What is a vortex tube and how does it work? A vortex tube is a device used to separate compressed air into a cold and hot stream of air; but the main question that many people have theorized is how does this device work.

In 1928 George Ranque, a French physics student stumbled upon this phenomenon on accident while he was performing experiments on a vortex type pump. During the experiment George noticed that hot air was being exhausted from one side and the other side was producing cold air. Eventually the device was forgotten about until 1945 when the German physicist, Rudolph Hilsch published a paper describing the device, eventually causing it to gain popularity and find applications in the industrial world.

EXAIR’s Vortex Tube uses compressed air as the supply and contains no moving parts to create a cold and hot stream of air from either end of the device. Using the valve located on the hot stream the vortex tube can achieve temperatures as low as -50°F (-46°C) and temperatures as high as 260°F (127°C).

The diagram bellow is one of the widely accepted explanations for the vortex tube phenomenon.

When the vortex tube is supplied with compressed air the air flow is directed into the generator that causes spin into a spiraling vortex at around 1,000,000 rpm. This spinning vortex flows down the neck of the hot tube denoted in the diagram as red. The control valve located on the end of the hot tube allows a fraction of the hot air to escape and what does not escape reverses direction and travels back down the tube in a second vortex denoted in blue. Inside of the low-pressure area of the larger outer warm air vortex, the inner vortex loses heat as it flows back to the front of the vortex and as it exits the vortex expels cold air.

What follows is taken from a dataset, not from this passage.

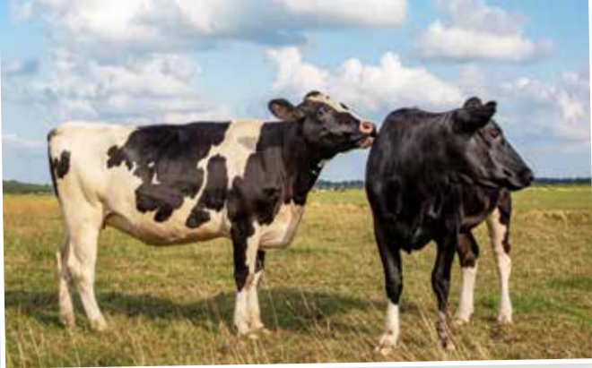
Door elkaar te likken, tonen koeien hun vriendschap.
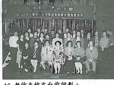
16. 熱作系校友台前留影。

The phenomenon is theorized to occur because both the hot and cold streams rotate at the same velocity and direction. This means that a particle of air in the inner vortex makes a complete revolution in the same time that a particle in the outer vortex takes to make a complete revolution. This effect is known as the principle of conservation of momentum and is the main driving force behind the vortex tube. In order for the system to stay in equilibrium air particles lose energy, in the form of heat, as they move from the outer stream to the inner stream, creating the cold air vortex that gets expelled.

At EXAIR we have harnessed many uses of vortex tubes for your cooling needs. Both our Cabinet Coolers and our Adjustable Spot Coolers utilize the vortex tube to either cool down an overheated cabinet or provide spot cooling for many different applications including to replace a messy coolant system for small grinding and machining applications.              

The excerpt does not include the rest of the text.